# How to automatically assign color label upon export



## jalperin (May 6, 2018)

Is it possible to automatically assign a particular color label to images once they have been exported?  I thought this might be an option within the export preset dialog, but I don't see it.


----------



## Johan Elzenga (May 6, 2018)

No, that isn't an option.

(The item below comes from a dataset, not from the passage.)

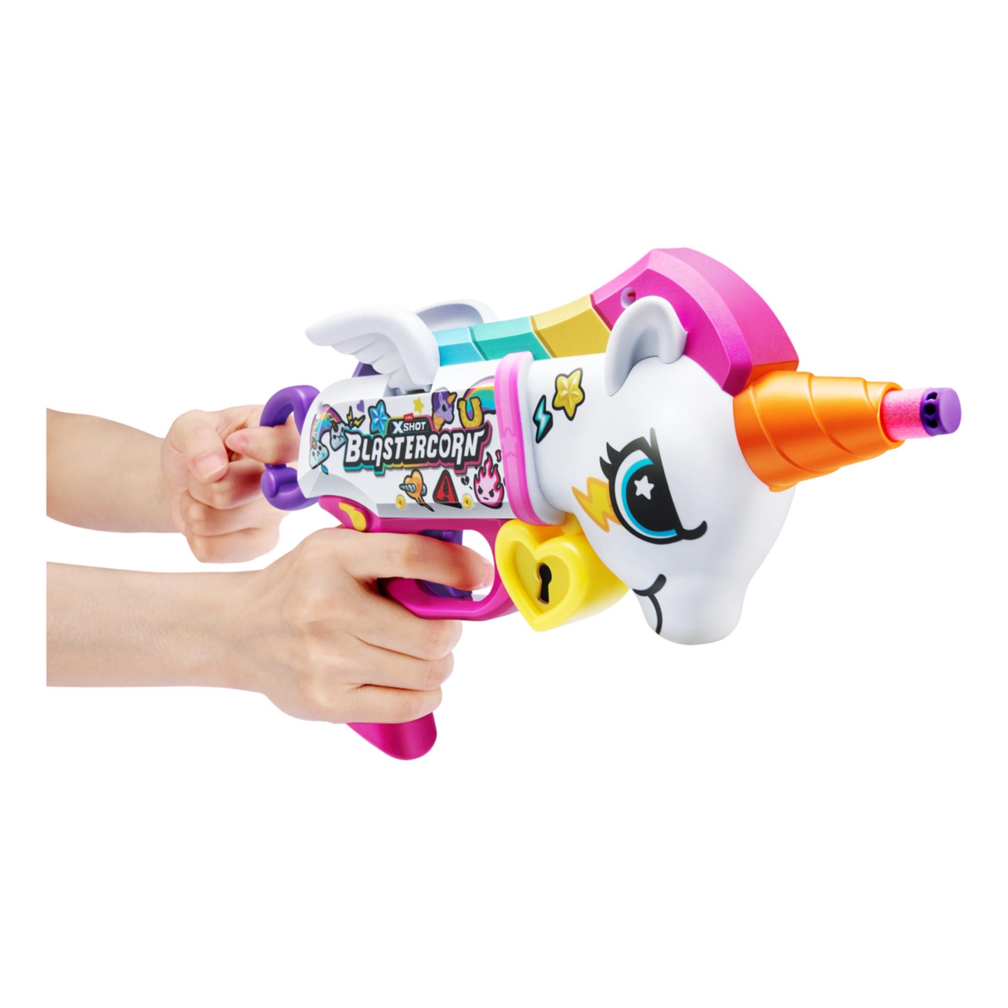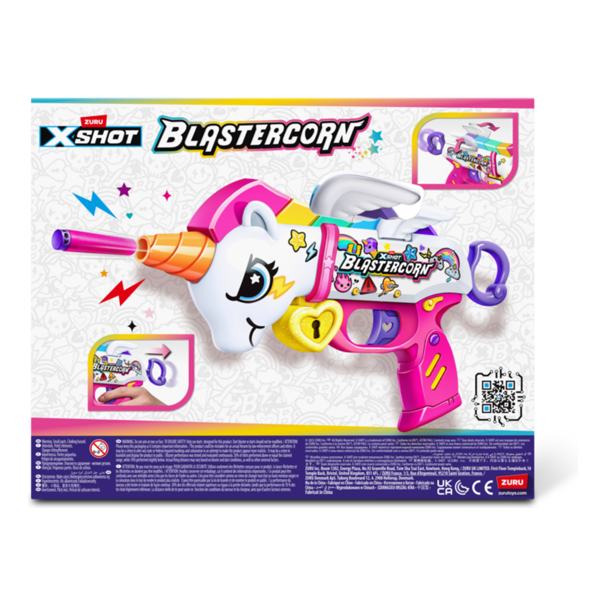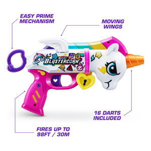 Are you game to tame the Blastercorn? Introducing the newest member in the XSHOT family, the Blastercorn! Unleash 16 Air Pocket Technology foam darts in seconds with the Blastercorns simple pull to prime reload. With a powerful range of 27m/90ft, the XSHOT Blastercorn takes on targets effortlessly. Watch its wings flap as you unleash the power of the Blastercorn on your enemies!
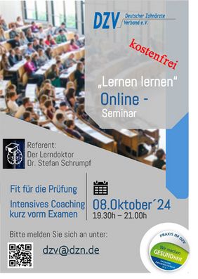 Darum bieten wir den Studentinnen und Studenten am 8. Oktober 2024 um 19.30 – 21.00 Uhr ein kostenfreies Online-Seminar zum Thema der effizienten Prüfungsvorbereitung an.

However, when you select the images to be exported, all it takes is one click...


----------



## clee01l (May 6, 2018)

I routinely do as Johan suggests.   I do not use the Export function.  I use a Publish service.   All of my publish service collections are smart collections and the membership in each depends upon meeting criteria to qualify for that Publish Service that depends on keywords and other metadata.  Color Label is one of those criteria.


----------



## PhilBurton (May 7, 2018)

clee01l said:


> I routinely do as Johan suggests.   I do not use the Export function.  I use a Publish service.   All of my publish service collections are smart collections and the membership in each depends upon meeting criteria to qualify for that Publish Service that depends on keywords and other metadata.  Color Label is one of those criteria.


Cletus,

Can you post a screenshot showing how you set up a publish service for exporting images.

Thanks,

Phil


----------



## clee01l (May 7, 2018)

It is just a Publish to Hard Drive Publish Service.


----------



## jalperin (May 8, 2018)

I found a plugin that will add the color label (and also create a snapshot):  Jeffrey's "Snapshot on Export" Lightroom Plugin


----------